With Live +7 DVR factored in, the episode was watched by 11.99 million viewers with a 2.1 in the 18-49 demographics.

===Critical reviews===
"Search and Destroy" received highly positive reviews from critics. Matt Fowler of IGN gave the episode a "great" 8.8 out of 10 rating and wrote in his verdict, "In 'Search and Destroy,' Samaritan wasn't out to recruit, it was out to obliterate. Much like the 'terrorists' it helped destroy back in 'Control-Alt-Delete,' Khan found himself ruined and killed as part of Samaritan's plan to defeat its rivals and dominate humanity. The way it railroaded Khan into prison in order to kill him off was sort of terrifying, and the way it popped up those bollards to stop Reese on the road proved that it could be physically dangerous without human help. Also, Root and Martine's rivalry makes for fun TV. Their first gun fight was better, but this time Root got to throw out a cool 'places to go, people to kill' line."

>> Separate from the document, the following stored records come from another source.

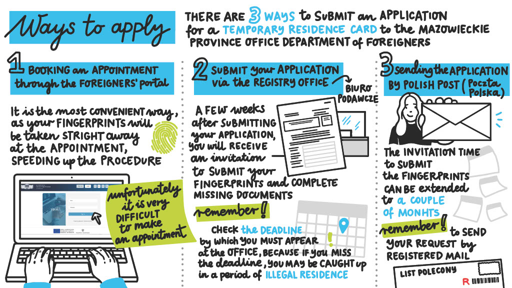 The application for a temporary residence permit is submitted in person, no later than on the last day of legal residence in Poland to a voivode having jurisdiction over place of residence (Wojewoda Mazowiecki).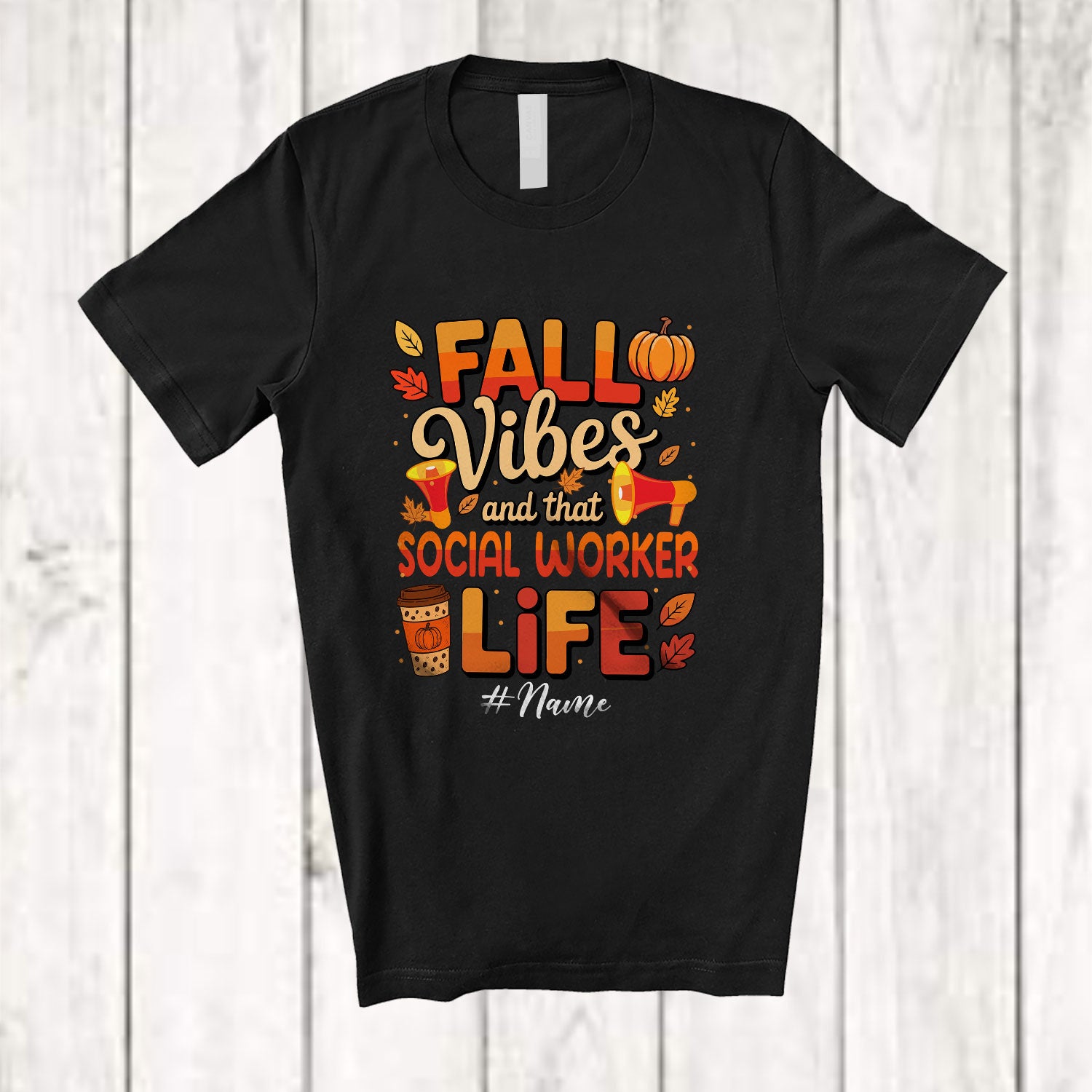 Personalized Custom Name Fall Vibes Social Worker; Proud Thanksgiving Coffee Pumpkin T-Shirt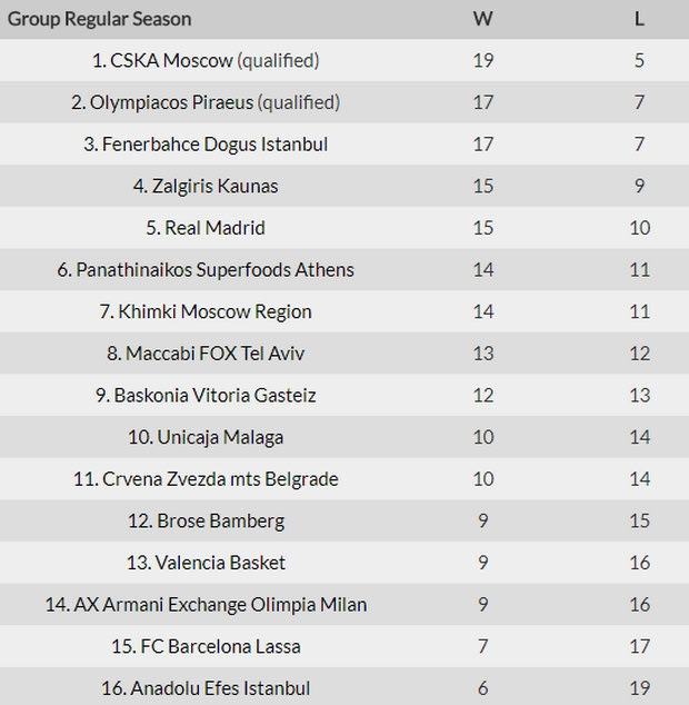 Η κατάταξη και το πρόγραμμα της EuroLeague (25 αγ.)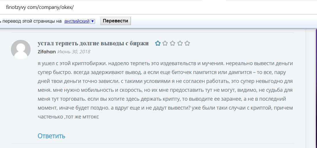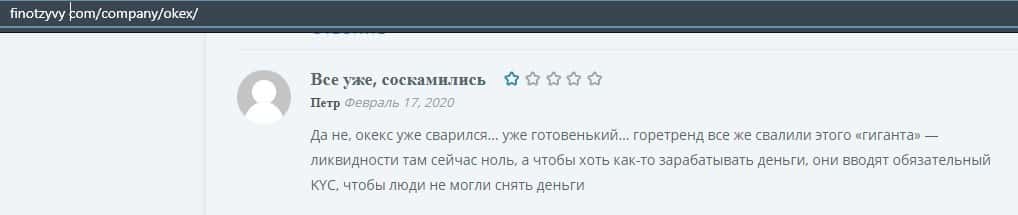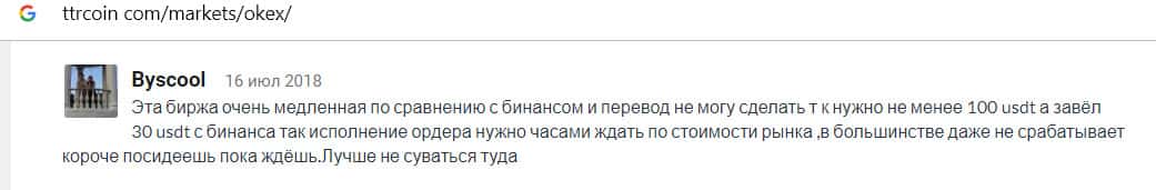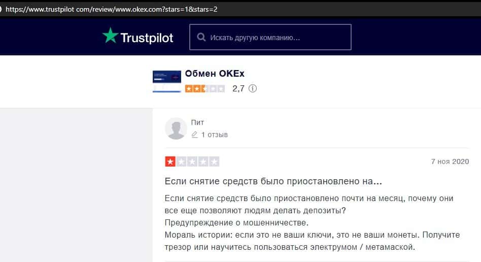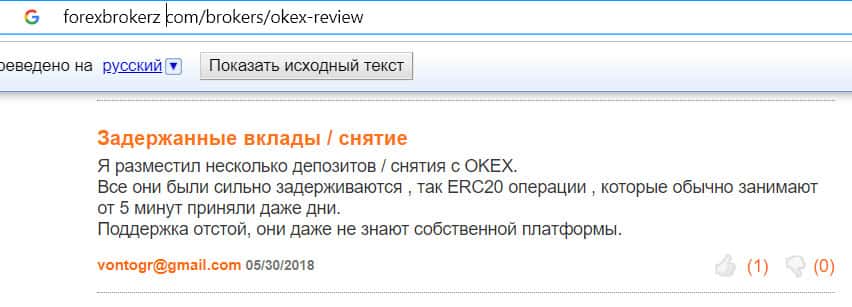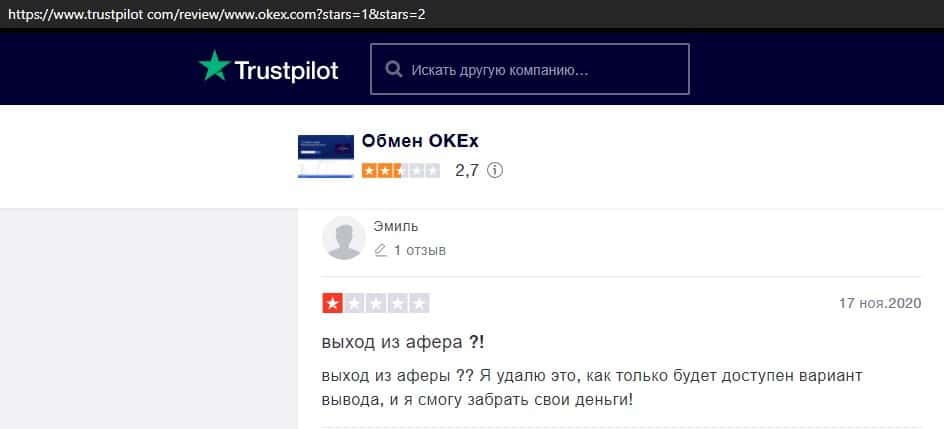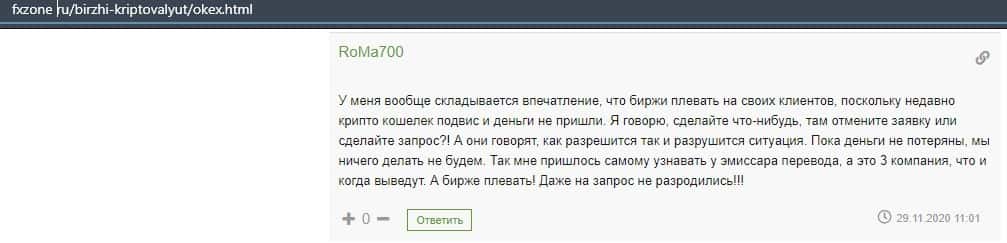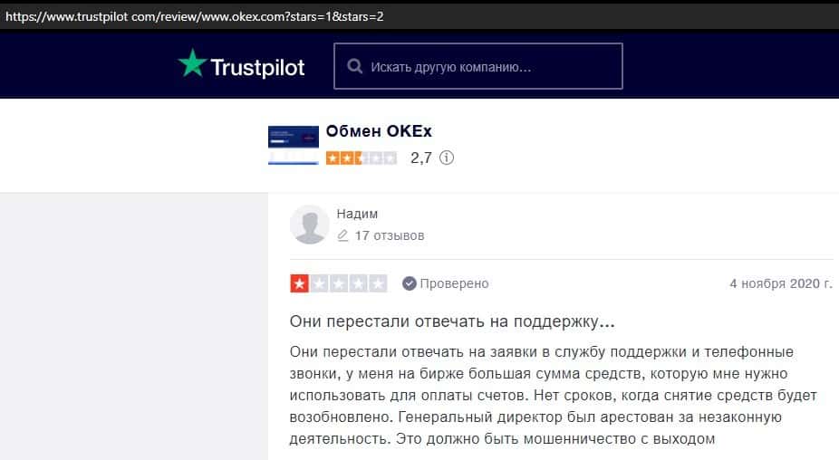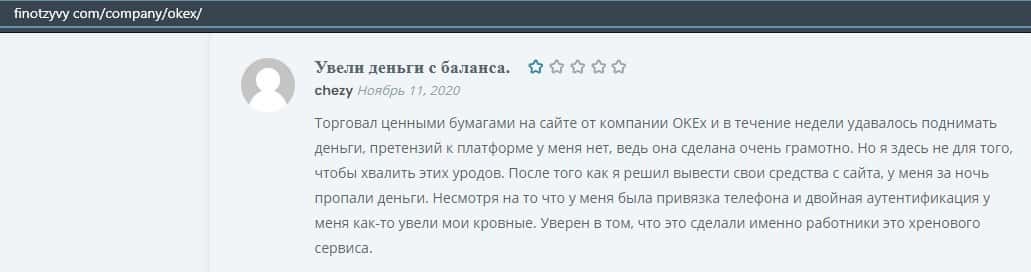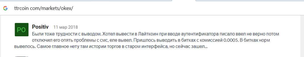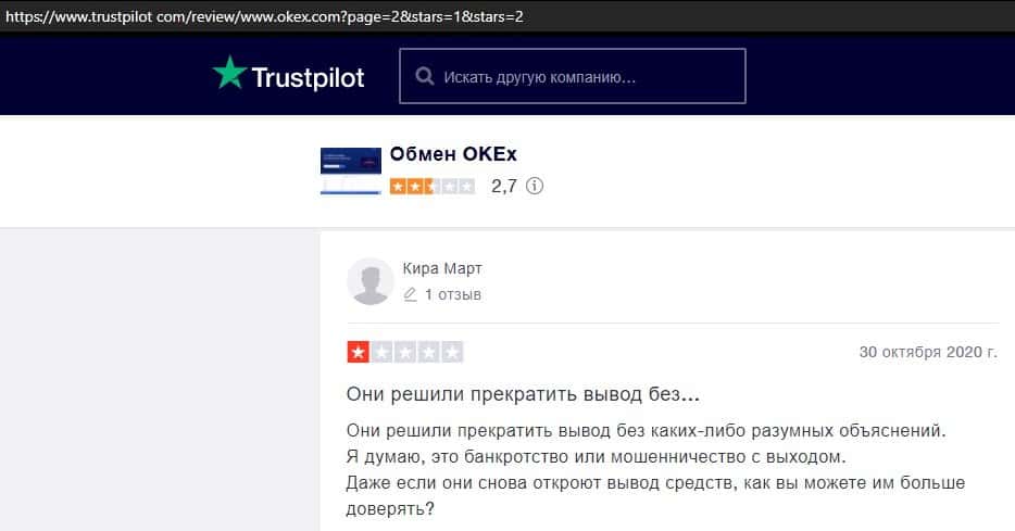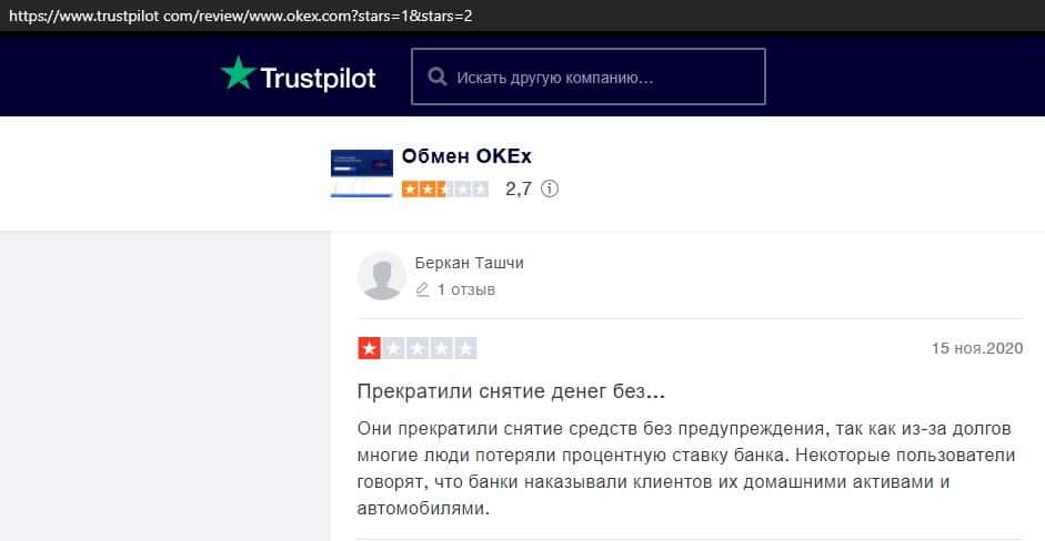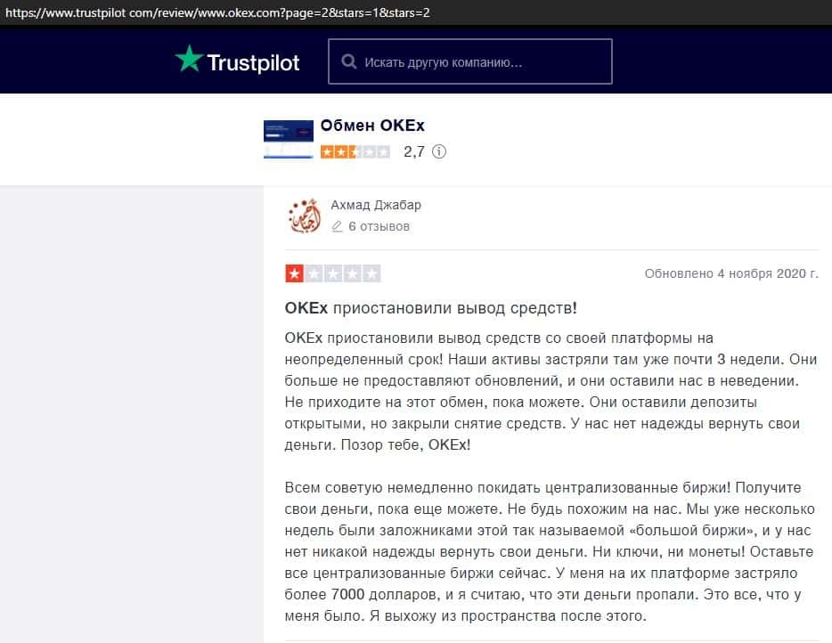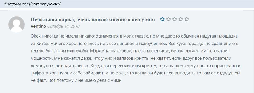 В очередном отзыве рассказывается, что контора OKEx прекратила снятие денег без какого-либо предупреждения. Некоторые пользователи рассказывают, что им так ничего и не вернули.

Alexa Planje of The A.V. Club gave the episode an "A" grade and wrote, "'Search and Destroy' is not the most cerebral episode of Person of Interest, but that hardly matters when everything from the writing, to the performances, to the technical components are executed at such a high level. This episode is heavy on the action and thrills, not to mention the spare but effective comedy."